Sono i quattro film della sua vita, alternati a scorribande originali come La via dei Babbuini (1974), il biografico State buoni se potete (1984) con Johnny Dorelli nei panni di San Filippo Neri, alcune commedie a episodi e un altro dittico sulla storia di Roma, sprofondato però nell'antichità dei sandaloni: l'originale Scipione detto anche l'africano (1971) con l'inedita coppia di Marcello Mastroianni e di suo fratello Ruggero e poi Secondo Ponzio Pilato (1987) con Nino Manfredi governatore della Giudea in odore di Bulgakov (Il maestro e Margherita). Alle storie risorgimentali Magni è tornato anche nell'ultima stagione della sua carriera con opere meno originali per il cinema e la tv, da O re, a In nome del Popolo Sovrano, da La carbonara fino a La notte di Pasquino che nel 2003 segna il contemporaneo saluto al pubblico per lui e per l'amico Nino Manfredi.
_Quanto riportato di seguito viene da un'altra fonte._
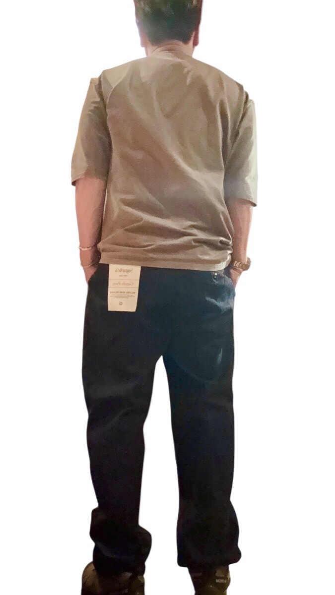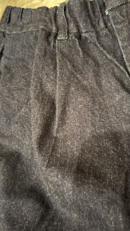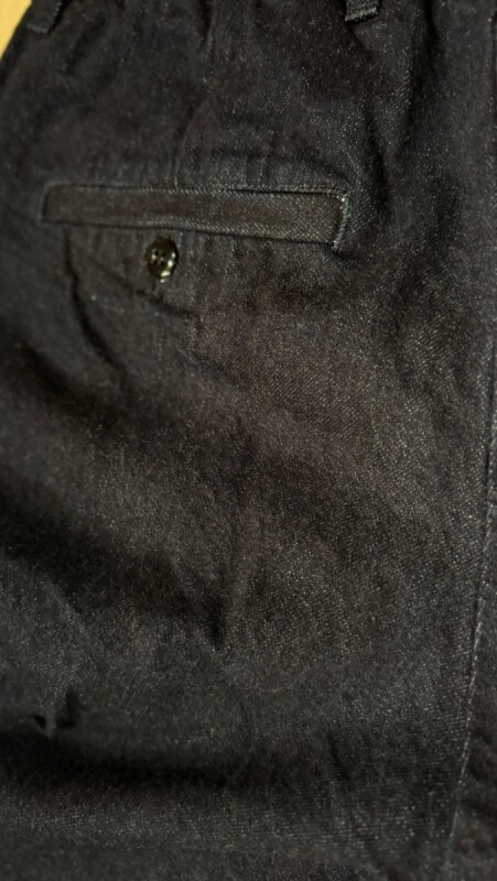 対してgentle pantsはスラックスでありながら、ヴィンテージデニムを彷彿させる表情を追及して狭幅デニム(セルビッチデニム)を使用して作成しました。

In una carriera di straordinario rigore sotto il velo del sorriso e della beffa, Gigi svelò solo due volte l'altra indole del suo carattere, malinconica, utopista, sognatrice: partecipando nel 1984 al documentario a più voci L'addio a Enrico Berlinguer e poi nel 1995 con l'autobiografico Nemici d'infanzia. Schivo, silenzioso, talvolta scontroso come Brontolo e in privato gentile come Mammolo, innamorato da sempre della stessa donna, celava sotto la maschera dell'ironia e dello scetticismo una passione civile degna dell'amico Monicelli.



Fu in prima fila nelle battaglie dell'Anac (l'associazione degli autori italiani) e rifiutò spesso occasioni d'oro come dopo il clamoroso successo di Rugantino che gli garantiva contratti favolosi alla corte di Garinei&Giovannini. Amava il cinema semplice, detestava le mode, coltivava la lingua romanesca come un tesoro, viveva all'ombra di Via Margutta, era adorato dai suoi attori come dalla gente del quartiere e alle cene di Otello a Via della croce era di casa. Sulla sua medaglia di Grand'Ufficiale amava scherzare, ma si vedeva che, nel fondo, la conservava con orgoglio. Con lui si tace una voce sommessa ma potente di un cinema italiano spesso migliore dell'epoca che lo tenne a battesimo. A pochi giorni da Carlo Lizzani (per cui aveva scritto La Celestina p.r.) ci lascia Gigi e forse ci lascia senza eredi.